Data Start Marker

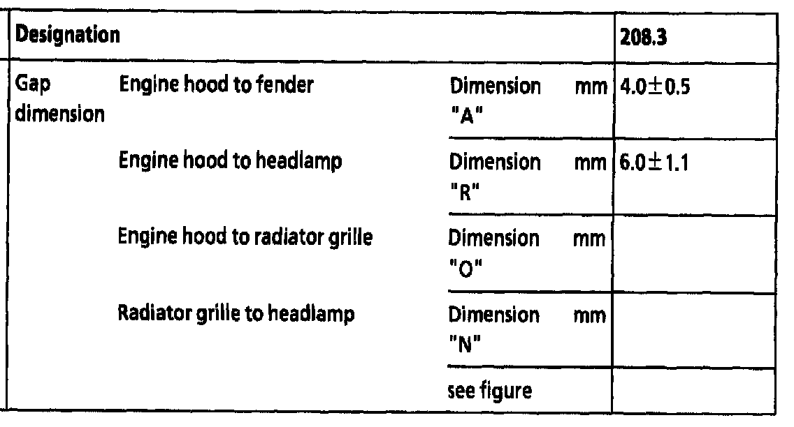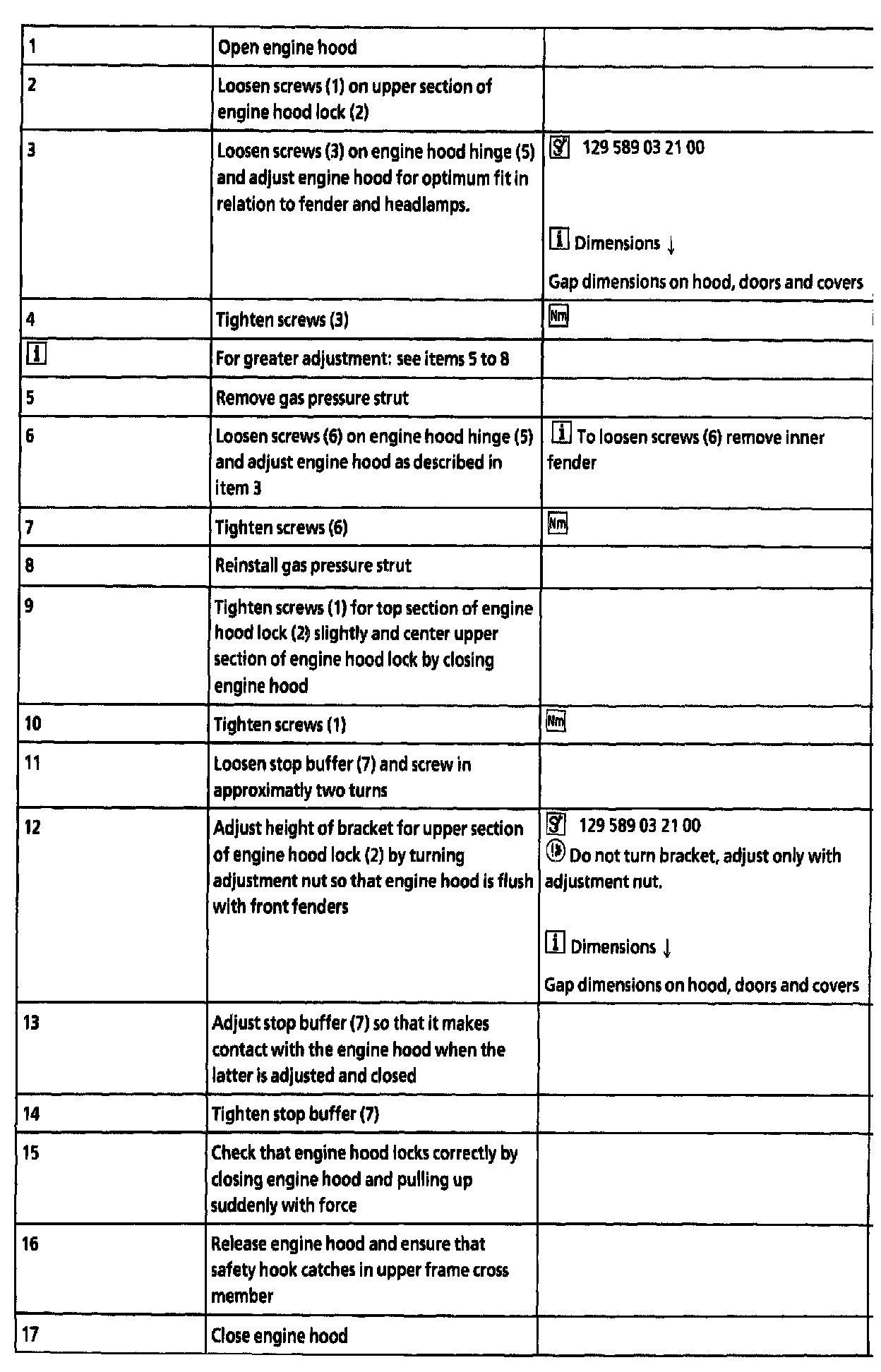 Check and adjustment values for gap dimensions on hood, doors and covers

Data End Marker
Data Start Marker

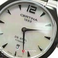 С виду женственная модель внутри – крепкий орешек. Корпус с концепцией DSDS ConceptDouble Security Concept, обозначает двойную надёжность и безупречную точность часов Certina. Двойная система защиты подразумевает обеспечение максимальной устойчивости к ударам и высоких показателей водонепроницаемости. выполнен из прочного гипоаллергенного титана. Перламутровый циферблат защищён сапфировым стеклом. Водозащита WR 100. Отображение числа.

Data End Marker
Data Start Marker

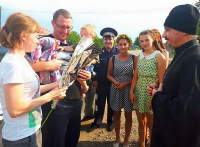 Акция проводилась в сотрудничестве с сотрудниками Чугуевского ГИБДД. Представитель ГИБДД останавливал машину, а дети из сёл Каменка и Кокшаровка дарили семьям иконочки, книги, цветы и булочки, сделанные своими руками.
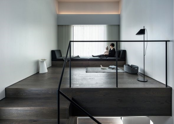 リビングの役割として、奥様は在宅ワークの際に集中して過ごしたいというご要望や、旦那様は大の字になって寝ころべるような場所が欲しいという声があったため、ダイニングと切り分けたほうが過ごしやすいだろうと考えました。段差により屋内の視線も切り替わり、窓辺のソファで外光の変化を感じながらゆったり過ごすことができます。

Data End Marker

_Directions for this task_
In the listing above, find the line with "Акция проводилась в" and the line with "リビングの役割として、奥様は". Set down exactly those lines and everything between them, skipping pictures.

_Result for this exercise_
 Акция проводилась в сотрудничестве с сотрудниками Чугуевского ГИБДД. Представитель ГИБДД останавливал машину, а дети из сёл Каменка и Кокшаровка дарили семьям иконочки, книги, цветы и булочки, сделанные своими руками.
 リビングの役割として、奥様は在宅ワークの際に集中して過ごしたいというご要望や、旦那様は大の字になって寝ころべるような場所が欲しいという声があったため、ダイニングと切り分けたほうが過ごしやすいだろうと考えました。段差により屋内の視線も切り替わり、窓辺のソファで外光の変化を感じながらゆったり過ごすことができます。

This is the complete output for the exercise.